> EXTRACTED DATA
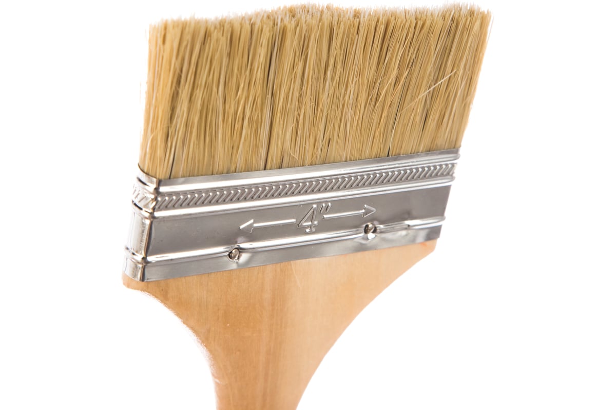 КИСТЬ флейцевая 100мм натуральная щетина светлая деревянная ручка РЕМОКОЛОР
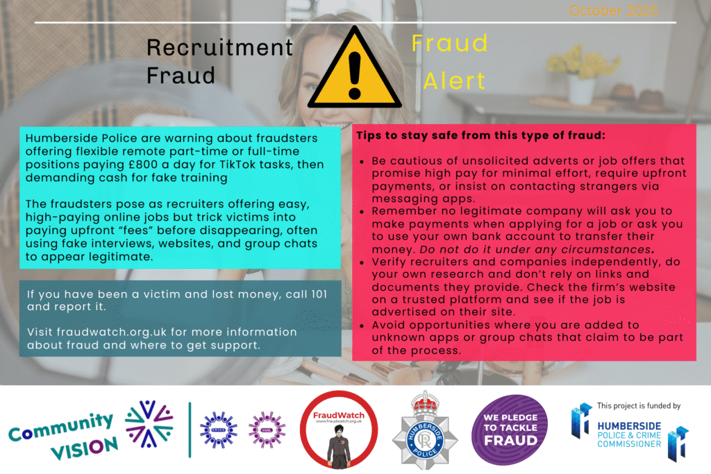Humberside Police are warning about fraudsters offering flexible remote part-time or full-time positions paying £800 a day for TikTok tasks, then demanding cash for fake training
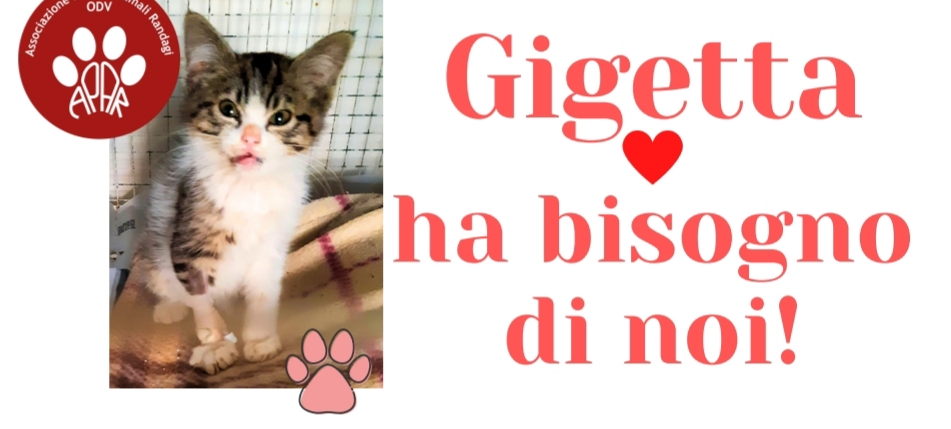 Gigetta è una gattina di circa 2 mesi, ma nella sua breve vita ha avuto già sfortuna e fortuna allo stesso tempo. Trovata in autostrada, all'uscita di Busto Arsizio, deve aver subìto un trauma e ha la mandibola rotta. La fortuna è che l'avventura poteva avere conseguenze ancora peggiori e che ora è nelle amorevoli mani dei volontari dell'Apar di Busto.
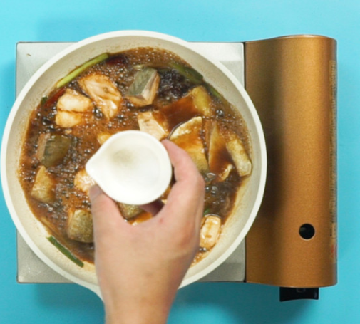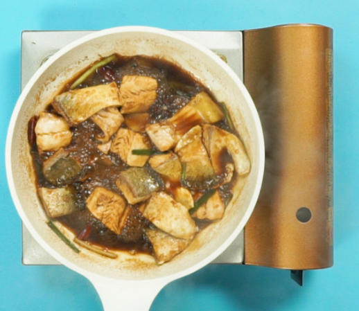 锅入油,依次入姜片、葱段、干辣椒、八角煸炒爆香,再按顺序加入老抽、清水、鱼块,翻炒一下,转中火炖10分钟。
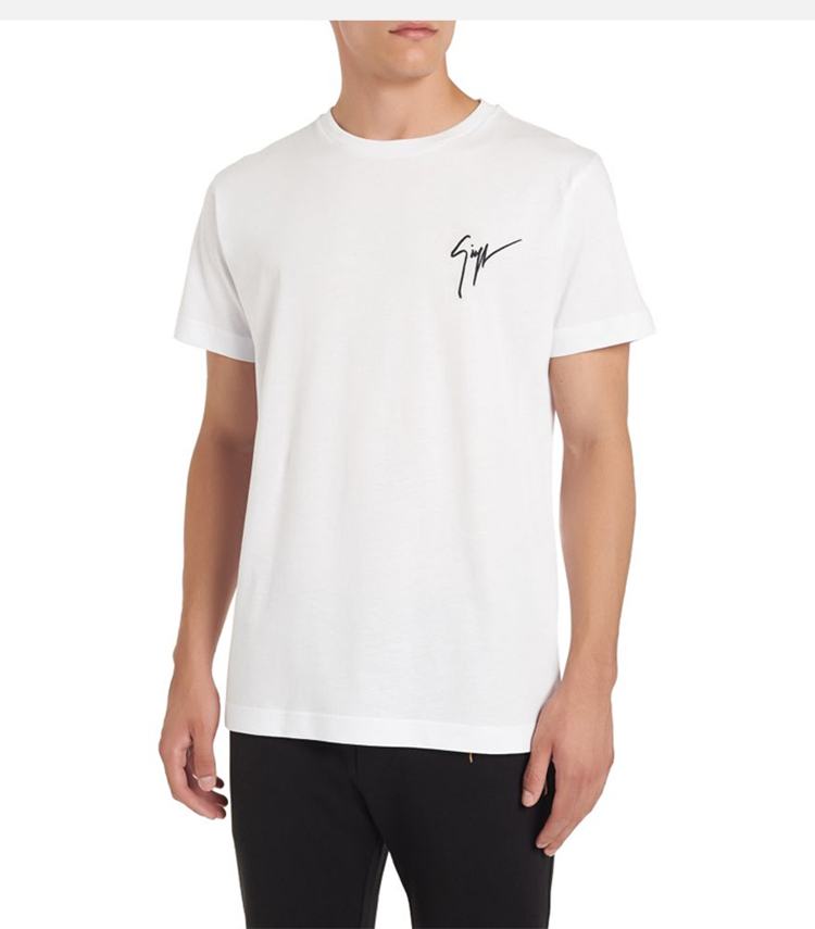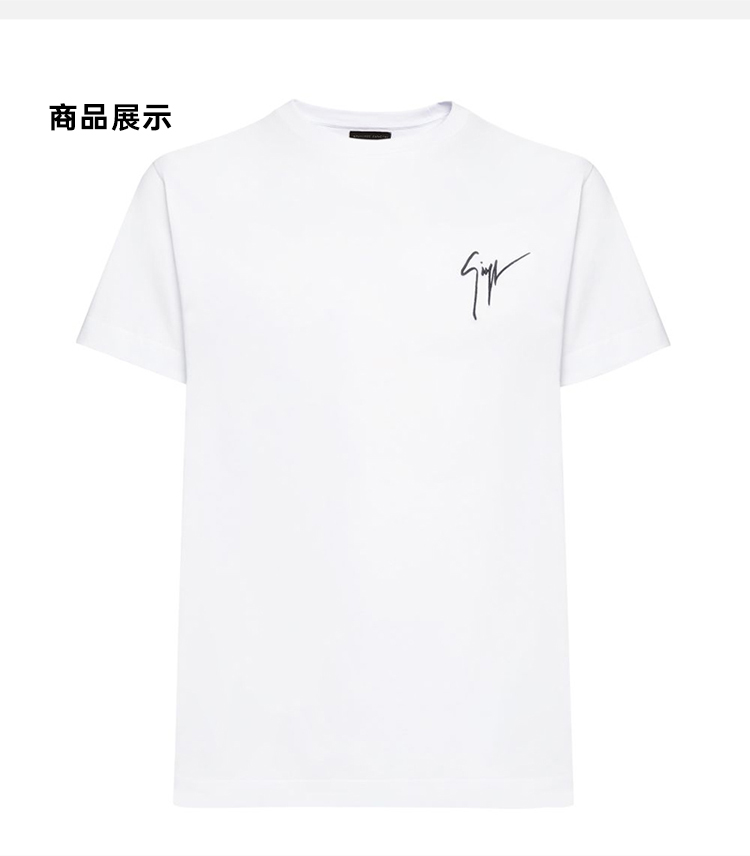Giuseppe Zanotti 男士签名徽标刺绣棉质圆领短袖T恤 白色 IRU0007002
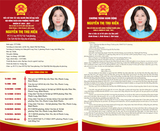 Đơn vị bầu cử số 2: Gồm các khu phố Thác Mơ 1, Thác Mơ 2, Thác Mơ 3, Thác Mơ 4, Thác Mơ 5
...
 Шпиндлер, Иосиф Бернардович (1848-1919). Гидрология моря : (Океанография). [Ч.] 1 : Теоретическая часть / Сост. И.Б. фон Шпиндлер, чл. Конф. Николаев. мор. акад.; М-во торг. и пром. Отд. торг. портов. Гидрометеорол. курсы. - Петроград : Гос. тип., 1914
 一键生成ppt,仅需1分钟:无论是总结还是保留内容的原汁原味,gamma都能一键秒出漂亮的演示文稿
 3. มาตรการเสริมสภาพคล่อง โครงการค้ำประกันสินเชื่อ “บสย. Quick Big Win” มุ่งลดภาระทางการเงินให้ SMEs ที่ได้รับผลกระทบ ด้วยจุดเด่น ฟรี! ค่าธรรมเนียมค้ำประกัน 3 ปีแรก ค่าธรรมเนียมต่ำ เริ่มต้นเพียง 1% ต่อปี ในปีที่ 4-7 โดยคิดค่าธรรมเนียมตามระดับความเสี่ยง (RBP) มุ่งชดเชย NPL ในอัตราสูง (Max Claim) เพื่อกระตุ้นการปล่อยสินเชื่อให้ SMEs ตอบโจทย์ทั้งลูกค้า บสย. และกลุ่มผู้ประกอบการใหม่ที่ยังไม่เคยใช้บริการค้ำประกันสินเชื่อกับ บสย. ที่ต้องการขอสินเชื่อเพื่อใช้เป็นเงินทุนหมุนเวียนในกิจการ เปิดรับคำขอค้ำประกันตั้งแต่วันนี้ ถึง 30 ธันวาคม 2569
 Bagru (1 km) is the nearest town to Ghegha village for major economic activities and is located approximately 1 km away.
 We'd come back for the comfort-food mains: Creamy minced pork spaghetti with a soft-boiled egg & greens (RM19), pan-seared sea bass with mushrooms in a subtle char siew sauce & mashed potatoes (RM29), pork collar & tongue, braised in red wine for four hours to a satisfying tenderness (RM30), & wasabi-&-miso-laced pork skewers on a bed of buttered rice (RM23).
...
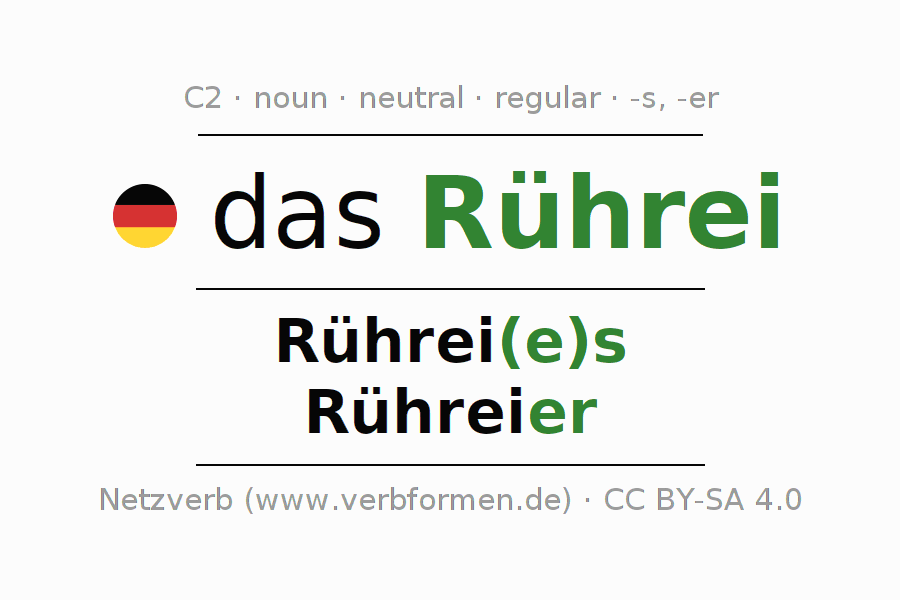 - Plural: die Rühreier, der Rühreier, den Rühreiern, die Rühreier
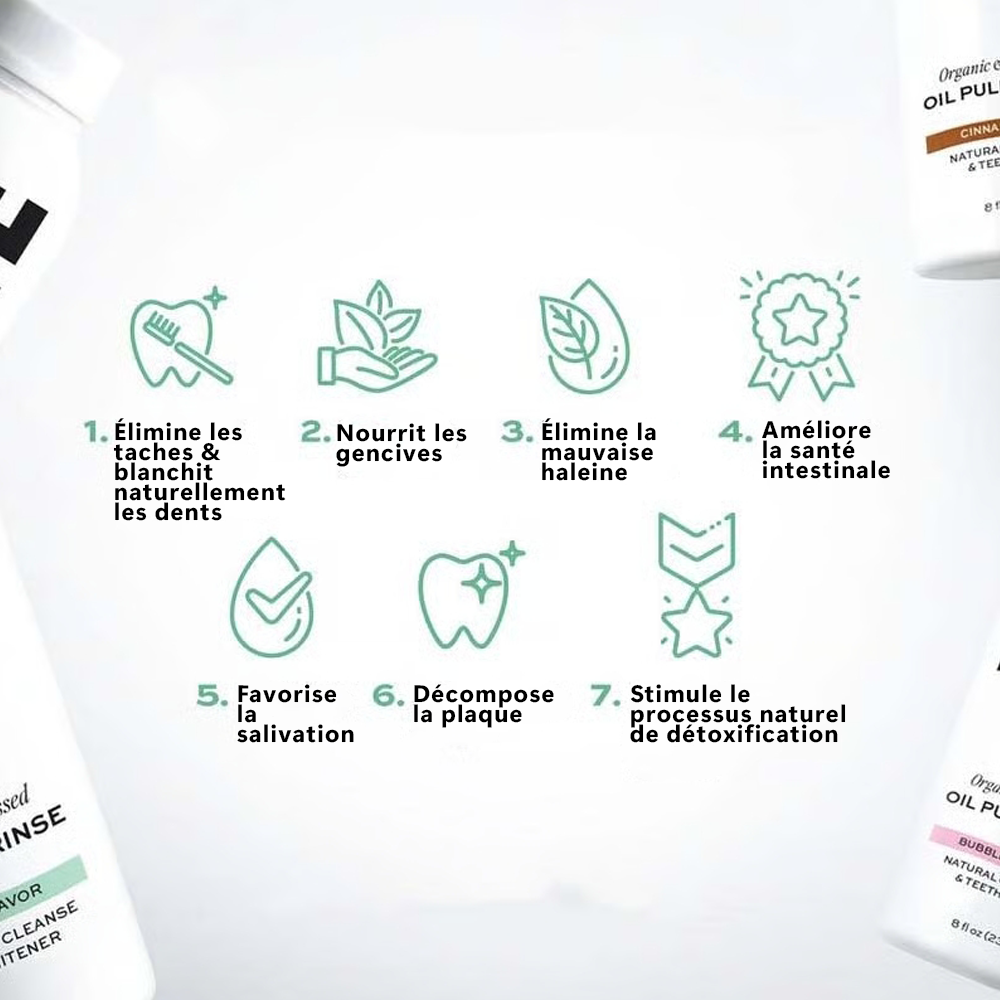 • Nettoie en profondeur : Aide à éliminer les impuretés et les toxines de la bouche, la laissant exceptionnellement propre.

> WHAT YOU HAVE TO DO
Going back to the data above, write out everything from the line with "КИСТЬ флейцевая 100мм" down to the line with "Đơn vị bầu cử", both included, leaving every picture out.

> ANSWER SECTION
 КИСТЬ флейцевая 100мм натуральная щетина светлая деревянная ручка РЕМОКОЛОР
Humberside Police are warning about fraudsters offering flexible remote part-time or full-time positions paying £800 a day for TikTok tasks, then demanding cash for fake training
 Gigetta è una gattina di circa 2 mesi, ma nella sua breve vita ha avuto già sfortuna e fortuna allo stesso tempo. Trovata in autostrada, all'uscita di Busto Arsizio, deve aver subìto un trauma e ha la mandibola rotta. La fortuna è che l'avventura poteva avere conseguenze ancora peggiori e che ora è nelle amorevoli mani dei volontari dell'Apar di Busto.
 锅入油,依次入姜片、葱段、干辣椒、八角煸炒爆香,再按顺序加入老抽、清水、鱼块,翻炒一下,转中火炖10分钟。
Giuseppe Zanotti 男士签名徽标刺绣棉质圆领短袖T恤 白色 IRU0007002
 Đơn vị bầu cử số 2: Gồm các khu phố Thác Mơ 1, Thác Mơ 2, Thác Mơ 3, Thác Mơ 4, Thác Mơ 5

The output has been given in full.